Если не было Христа, то нет и христианства: оно такой же миф, как язычество. Но если Христос был, то мистерия-миф о страдающем Боге – тень Христа, еще не пришедшего, откинутая назад на все человечество до начала времен, есть неотразимое, христоубийц убивающее чудо всемирной истории.
Божественный Трилистник
Плыл архиерей в корабле по Белому морю и услыхал, что живут на пустынном островке три старца, спасаются, а сами так просты, что и молиться не умеют как следует. Захотел увидеть их, подплыл к островку, вышел на берег и видит: стоят рядом три старца древних, сединой обросших – большой, средний и малый, – за руки держатся.

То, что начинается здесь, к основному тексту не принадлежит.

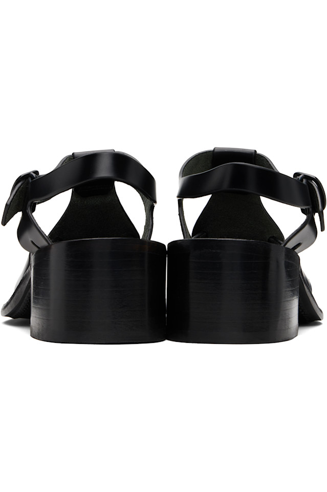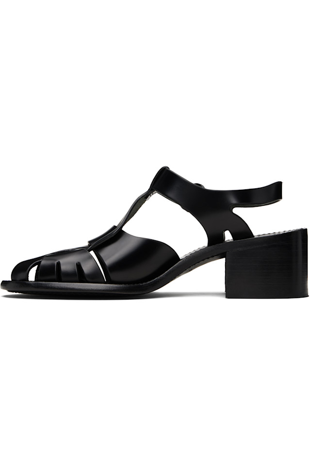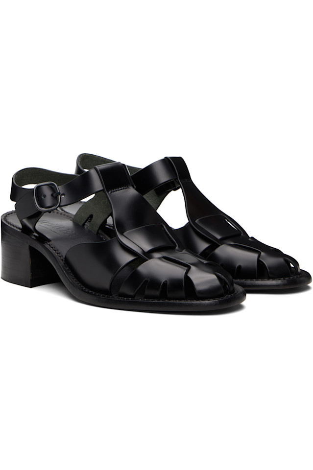 Босоножки на каблуке из полированной телячьей кожи ручной работы.

– Как вы Богу молитесь? – спросил архиерей.
И самый древний старец сказал: «Молимся мы так: трое нас, Трое Вас, помилуй нас». И как только сказал это, подняли все трое глаза к небу и сказали: «Трое Вас, трое нас, помилуй нас!»
Усмехнулся архиерей: «Это вы про Святую Троицу слышали, да не так вы молитесь».

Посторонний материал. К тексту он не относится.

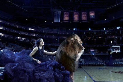 Imagen de una chica con el pelo negro en una pared interiorImagen de una chica con el pelo negro en una pared interior

И начал их учить молитве Господней. Долго учил, весь день до ночи: старцы были очень беспамятны. Наконец кое-как выучил, сел на корабль и отплыл. Взошел месяц. Сидит архиерей на корме, глядит в море, туда, где островок скрылся. Вдруг видит: блестит, белеет что-то в столбе месячном. Вгляделся – бегут по морю старцы, корабль догоняют, белеют и блестят их седые бороды. Бегут, рука с рукой держатся; крайние руками машут, остановиться велят. Поравнялись с кораблем и заговорили в один голос:
– Забыли, раб Божий, забыли твое учение… Ничего не помним, научи опять!
Перекрестился архиерей и сказал:
– Доходна до Бога и ваша молитва. Не мне вас учить. И поклонился в ноги старцам.
(Л. Толстой. Три старца)
Нелюдим священный остров Самофракия: отвесные кручи его оглашаются только криками чаек да шумом седых бурунов, гонимых ветром от Пропонтиды. В незапамятной древности, со стен Илиона, еще неразрушенных, можно было видеть, как возносится жертвенный дым с острова. Там, на высях гор, совершались таинства Великим Богам, Кабирам.

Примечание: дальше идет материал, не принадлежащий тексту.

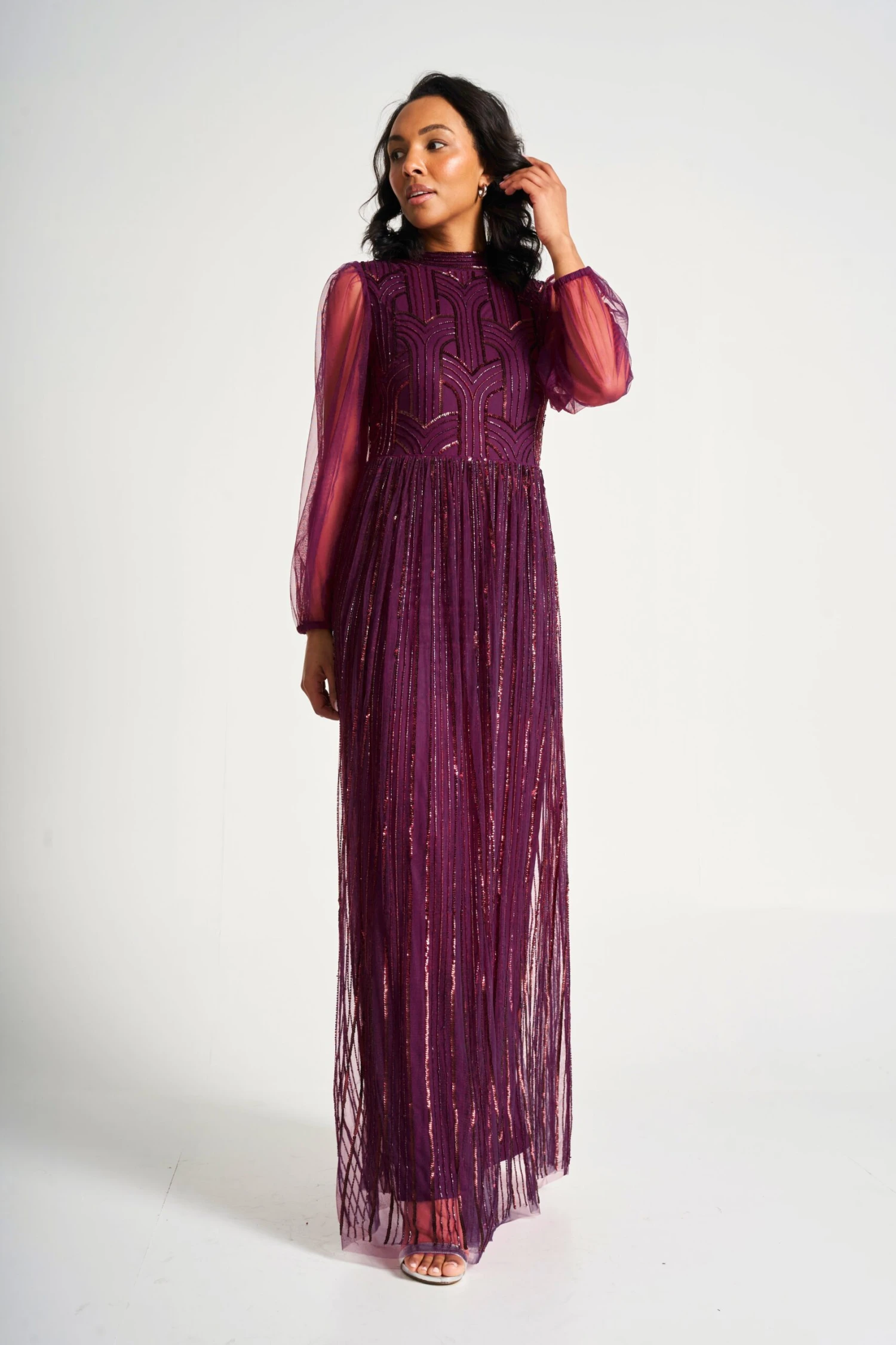 Elevate your party season style with Natalia. Realised in a deep berry hue, this floor skimming dress is embellished throughout with tonal beadwork in a vintage inspired motif. Natalia is complete with sheer full length sleeves.

Их было трое: Большой, Средний и Малый – Отец, Мать и Сын.
«И было ночью видение Павлу: предстал некий муж, Македонянин, прося его и говоря: приди в Македонию и помоги нам. После сего видения тотчас мы положили отправиться в Македонию, заключая, что призывал нас Господь благовествовать там. Итак, отправившись из Троады, мы прямо прибыли в Самофракию» (Деян. XVI, 9–11).
Может быть, расспрашивая о Самофракийских таинствах, апостол Павел с удивлением узнал кое-что о Трех в Одном Боге неведомом. Орфики называли Кабиров тремя именами или одним в трех: Аксиер, Аксиокерса, Аксиокерс: Отец Небесный Зевс, Мать Земля Деметра, и Сын Земли и Неба Дионис. И в Елевзинских таинствах те же Трое, только в ином сочетании: Отец Дионис, Мать Деметра и Сын Иакх.
Но уже и орфики (V–VI века) их древних имен не помнили. Может быть, впрочем, у них и не было имени, ни даже образа. Ничего о них люди не знали – знали только, что их Три, что эти Три – Одно.
На о. Крите, в Кносском дворце-лабиринте баснословного царя-бога Миноса, найдены три глиняных столбика, соединенных в подножии; три голубя сидят на них, по одному на каждом, знаменуя сошествие Трех (Art. Evans. The palace of Minos at Knossos, 222). Второй дворец Кносса, где найдены столбики, построен за пять веков до Троянской войны (около 1600 г.). Вот когда уже люди поклонялись Трем. Просты были, не умели молиться как следует, и молились, глядя на три столбика: «Трое Вас, трое нас, помилуй нас!»